Task to complete: With pictures removed, the data below should be returned exactly.

Given information:
⁂

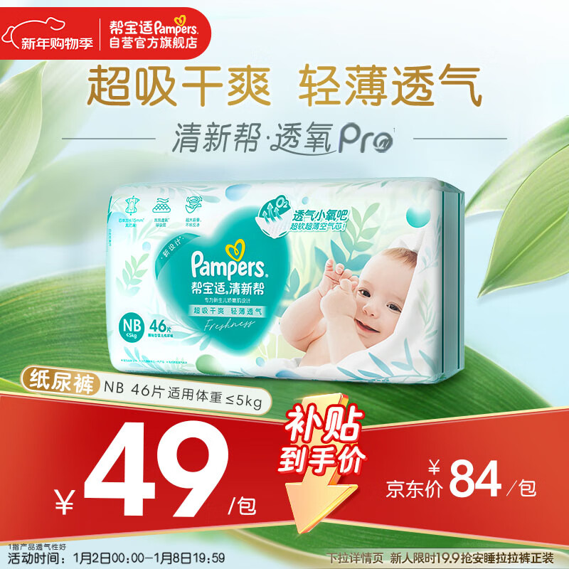 帮宝适超薄透气清新帮纸尿裤新生儿婴儿尿不湿尿片透氧Pro mini NB46
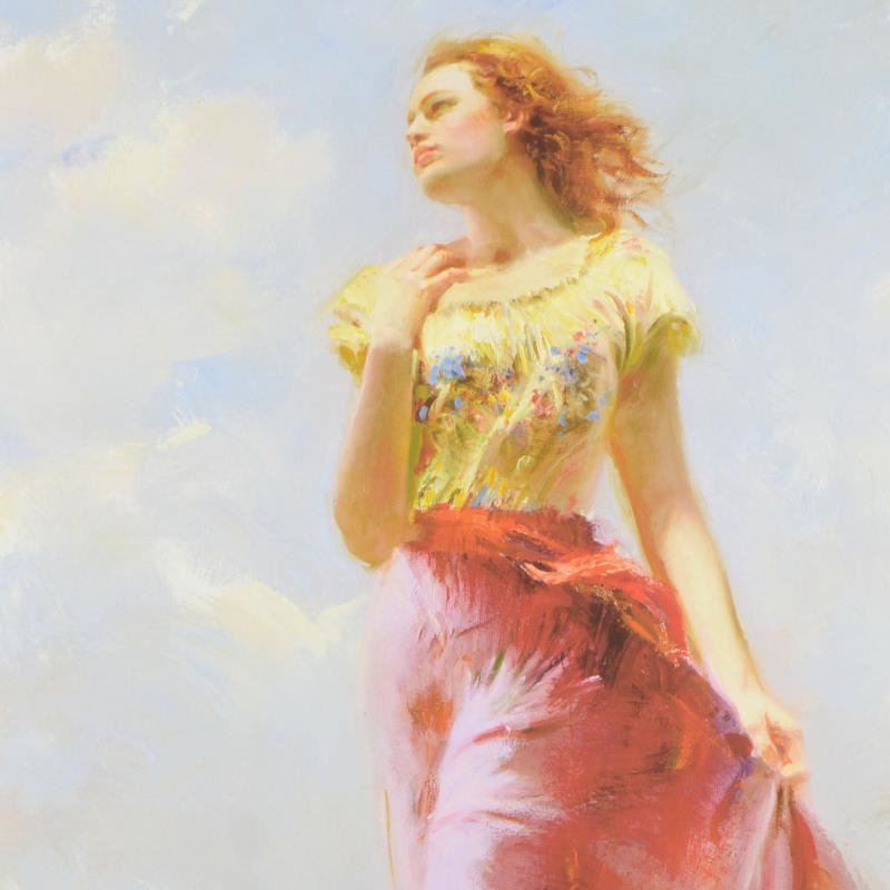 Wind Swept is a limited edition giclee on paper by Pino (1939-2010). The piece comes numbered and is hand signed by the artist. Includes Certificate of Authenticity. Measures approximately 20 x 12 (image).
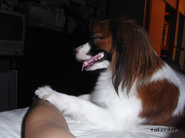 いや、なるなる。それなりますよ。ジョバンニと二人だった時で、まだバリケンが無かった頃なんか、絶対に朝起きたら尻でした。酷い時などは後ろ足で頬を蹴られた状態とか・・噂じゃ尻を向けてくるのはリラックスしてるって事とか聞きましたけど、起きた時、犬の尻を抱きしめてる自分・・あんまり嬉しくない。(でもコイケルの尻はモチッとボリュームがあって結構抱き心地が良くて好きです。^^)
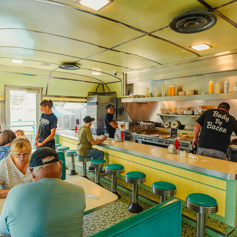 Great eats served up fresh in an authentically restored 1950s diner! Broadway Diner is a 1954 fully restored vintage Silk City Diner built by the Paterson Vehicle Company out of Paterson, NJ. In 1954 fresh off the assembly line the diner found its home in Groton, Connecticut were it operated from 1954 to 2005 under the names A & P Diner, Twin Bridge Diner, Bridge Diner and Rosie’s Diner. The Castree family purchased the diner and took pride in having it restored to its former glory, giving the Silk City Diner a new lease on life.

⁂

Finished task:
 帮宝适超薄透气清新帮纸尿裤新生儿婴儿尿不湿尿片透氧Pro mini NB46
 Wind Swept is a limited edition giclee on paper by Pino (1939-2010). The piece comes numbered and is hand signed by the artist. Includes Certificate of Authenticity. Measures approximately 20 x 12 (image).
 いや、なるなる。それなりますよ。ジョバンニと二人だった時で、まだバリケンが無かった頃なんか、絶対に朝起きたら尻でした。酷い時などは後ろ足で頬を蹴られた状態とか・・噂じゃ尻を向けてくるのはリラックスしてるって事とか聞きましたけど、起きた時、犬の尻を抱きしめてる自分・・あんまり嬉しくない。(でもコイケルの尻はモチッとボリュームがあって結構抱き心地が良くて好きです。^^)
 Great eats served up fresh in an authentically restored 1950s diner! Broadway Diner is a 1954 fully restored vintage Silk City Diner built by the Paterson Vehicle Company out of Paterson, NJ. In 1954 fresh off the assembly line the diner found its home in Groton, Connecticut were it operated from 1954 to 2005 under the names A & P Diner, Twin Bridge Diner, Bridge Diner and Rosie’s Diner. The Castree family purchased the diner and took pride in having it restored to its former glory, giving the Silk City Diner a new lease on life.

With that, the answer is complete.